UK retailers expect sustainability to take several years, prices could rise
Transformational sustainability, rather than just paying lip service to the issue, is still several years away and could mean price rises, a UK retailer survey shows.
Exactly two-thirds of retailers says three years is the bare minimum time they need to transform their operations and products to be sustainable, according to a survey conducted by the organiser of Pure London and Spring and Autumn Fair, ITE Group.
It spoke to almost 1,900 UK retailers of all sizes and found that 73% have already made changes to head towards a more sustainable future. while retailers want to increase their sustainable products by a third on average by the end of next year. Fashion retailers specifically are at the forefront of this and are aiming to increase their sustainable offer by 40%.
Sustainability has become one of the biggest issues in the industry in recent years as consumers increasingly demand an eco approach, while company employees are also seeking eco-focused companies to work for. And although government seems to blow hot and cold on the issue, the chances of regulatory changes in the years ahead are growing too.
Julie Driscoll, UK Regional Director for ITE Group, said: “Our study confirms that the UK retail industry is passionate about taking action on sustainability. However, there are significant barriers to overcome. To achieve true sustainability takes significant resource, time and investment, arguably, it’s a continuous process for improvement, rather than a destination. Retailers aren’t shying away from that responsibility, but they are being realistic when it comes to how quickly the change can happen.”
Other study findings include 54% of survey respondents having reduced the use of environmentally damaging materials in their products.

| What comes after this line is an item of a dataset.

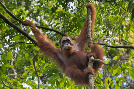 Adult orangutan keeps for a branch paw and looks down (Sumatra, Indonesia)

But while there’s universal recognition of the importance of sustainability, there’s also a downside. Respondents estimated that to make their products sustainable they would have to increase retail prices by 19% on average, yet they think consumers would only be willing to pay 9% more for those products. And supplier cooperation is crucial as 20% of retailers believe the failure of suppliers to act sustainably or transparently is the biggest challenge.
ITE has been focusing on sustainability issues itself and has an ongoing Power of One campaign to highlight these and to educate/upskill retailers and suppliers on the subject.